A l’occasion du premier anniversaire de cette enfant, il avait organisé chez lui une grande fête, y conviant ses amis africains et ce couple blanc. Se sentant quelque peu écartelé entre son admiration pour son hôte, demeuré culturellement si différent, et sa défiance vis-à-vis des africains, mon collègue développe alors une argumentation qui m’étonne légèrement. En somme, les immigrés de première génération, ceux qui ont eu le courage de se lancer dans un pays inconnu, parfois au risque de leur vie, sont résolus à s’intégrer et y parviennent le plus souvent. Par contre, leurs enfants cèdent trop souvent à la tentation de s’abandonner à la paresse et se contentent de frauder pour bénéficier d’aides sociales.

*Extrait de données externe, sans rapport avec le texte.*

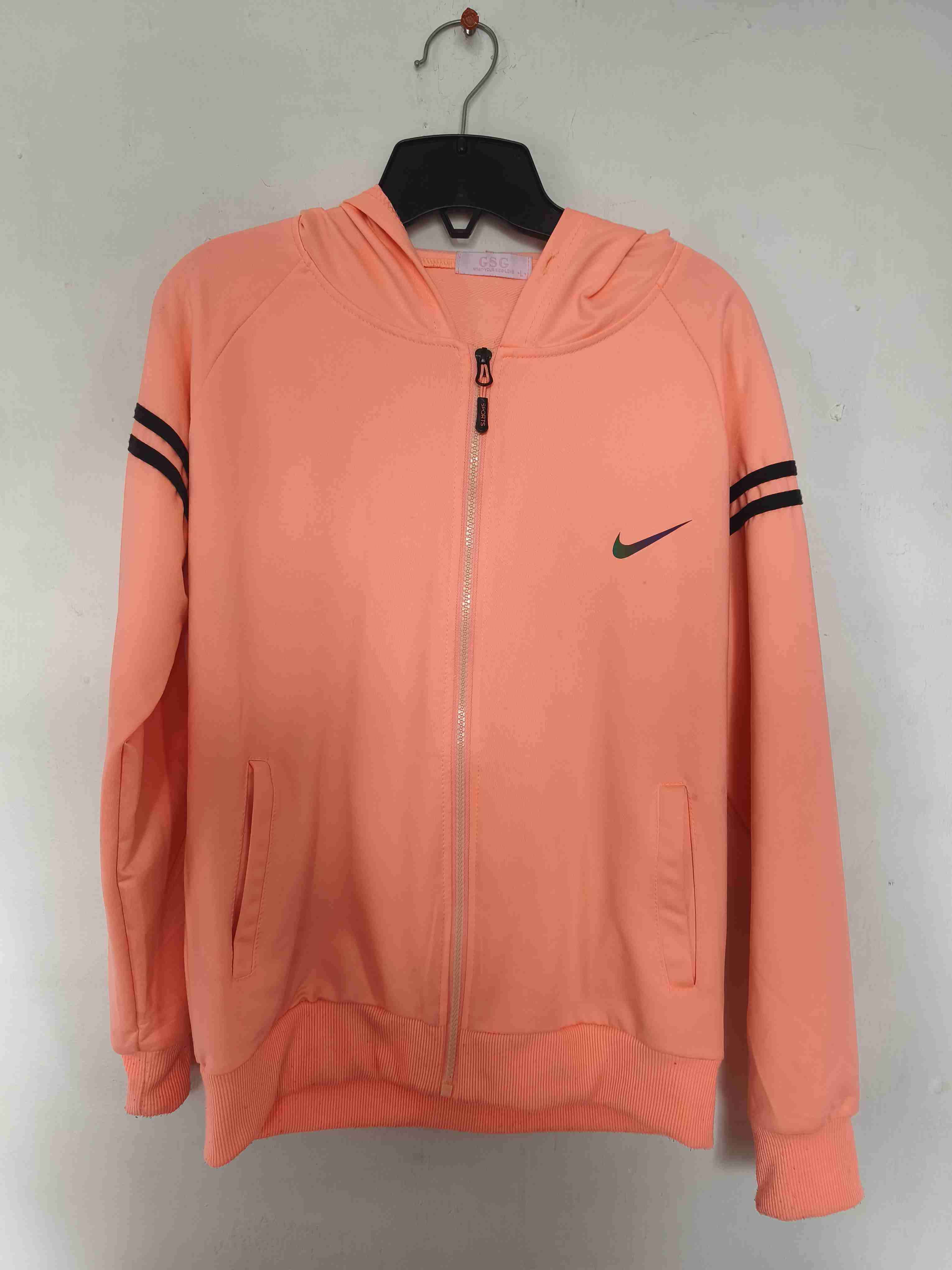 Polerón de color coral con cierre y capucha, ideal para actividades deportivas o uso casual. En buen estado general. Talla M/L
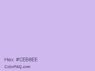 Hex #ceb8ee Color is a very light violet color and the nearest color is Perfume #d0bef8. Hex code #ceb8ee and RGB value is rgb(206,184,238). In RGB color space, this color is composed of 81% red, 72% green, 93% blue, In CMYK color space, this color is composed of 13% cyan, 23% magenta, 0% yellow , 7% black , In HSL color space, this color has a hue angle of 264° , 61% saturation and 83% lightness.
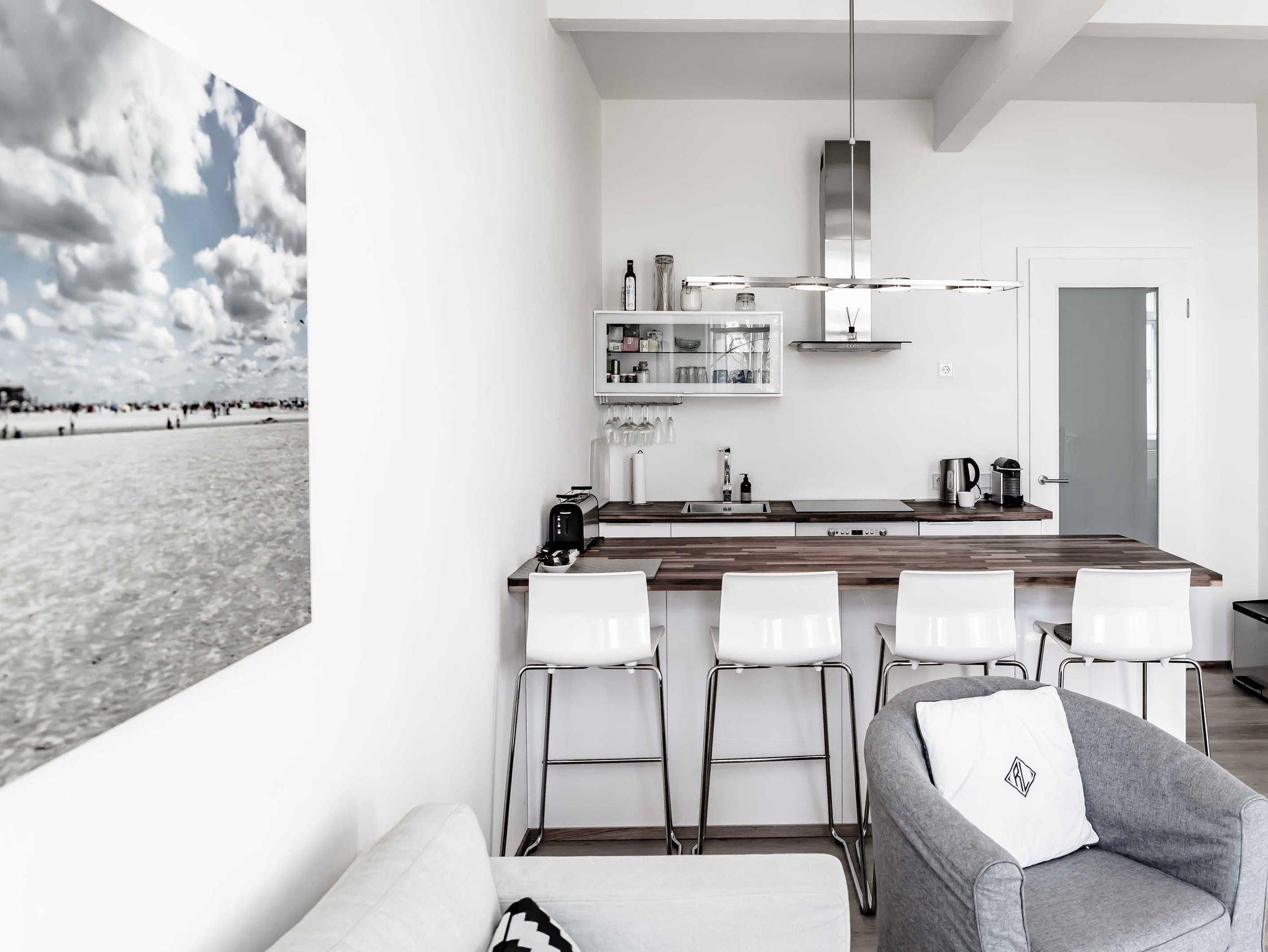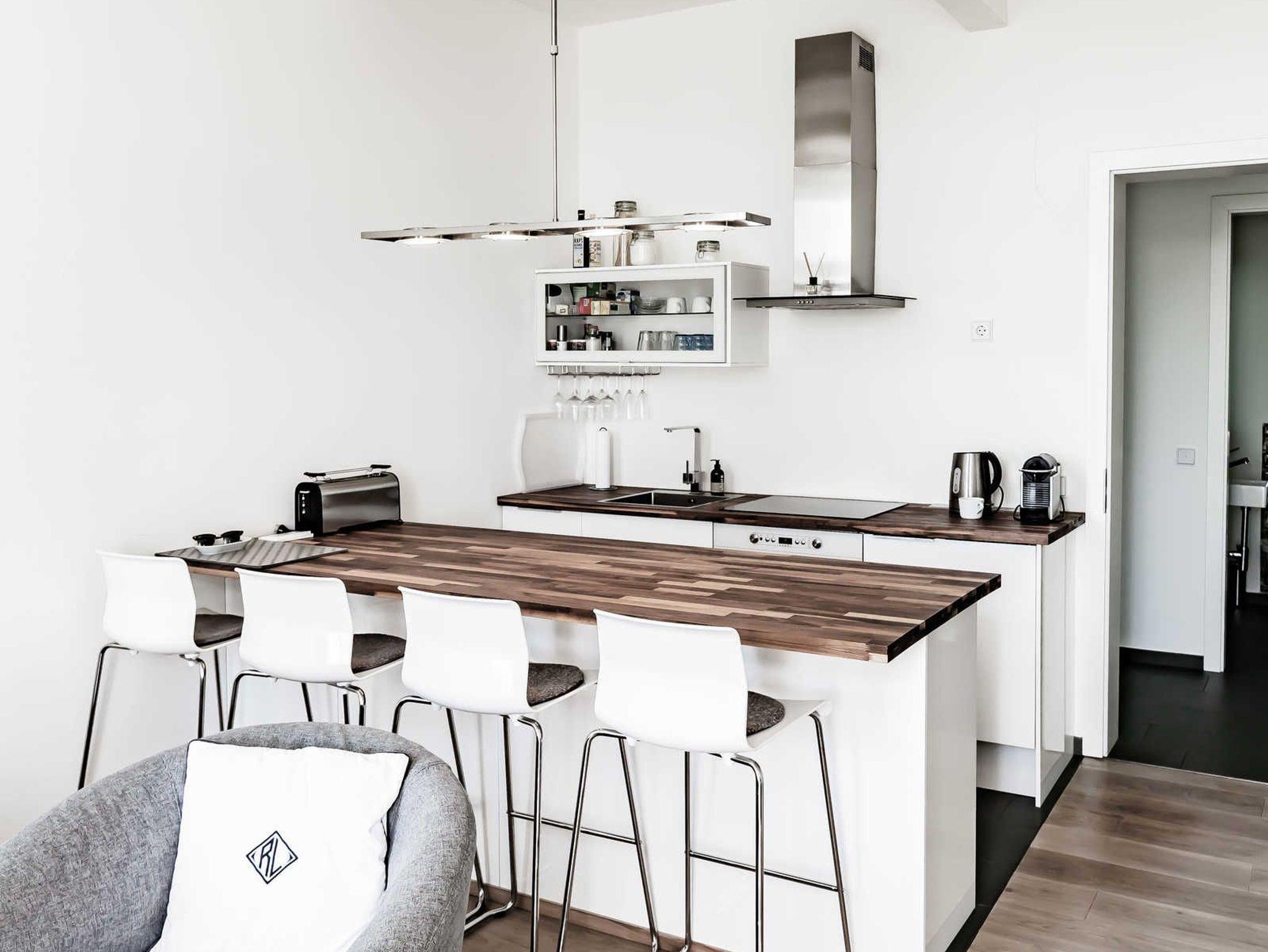 hochwertige Küche mit Komplettausstattung inkl. Spülmaschine, Induktionskochfeld, Mikrowellenbackofen, Nespresso Kaffeemaschine etc.

Je me retiens alors de lui rappeler que, tous deux, nous connaissons au moins un immigré de deuxième génération, un certain Nicolas, qui ne s’inscrit assurément pas dans un tel schéma. Tout comme je m’abstiens de lui signaler que ce comportement n’est pas différent de celui attribué à certaines familles bien de chez nous : le père construit la fortune, les enfants en vivent et les petits-enfants la dissipent. Je me contente de lui dire qu’il n’y a pas que des immigrés pour être payés à ne rien faire et que même des philosophes, comme un certain Luc Ferry, y réussissent fort bien. Ce qui m’attire cette admirable réponse : « Il n’est pas le seul ! ».
Sidérant ! Le même élément qui imposerait de débusquer impitoyablement les moins bien lotis qui fraudent, parce que trop nombreux, vaut absolution pour les privilégiés, non solitaires, même si l’on se garde bien d’évaluer l’importance de la ponction sur les deniers publics opérée par ces derniers.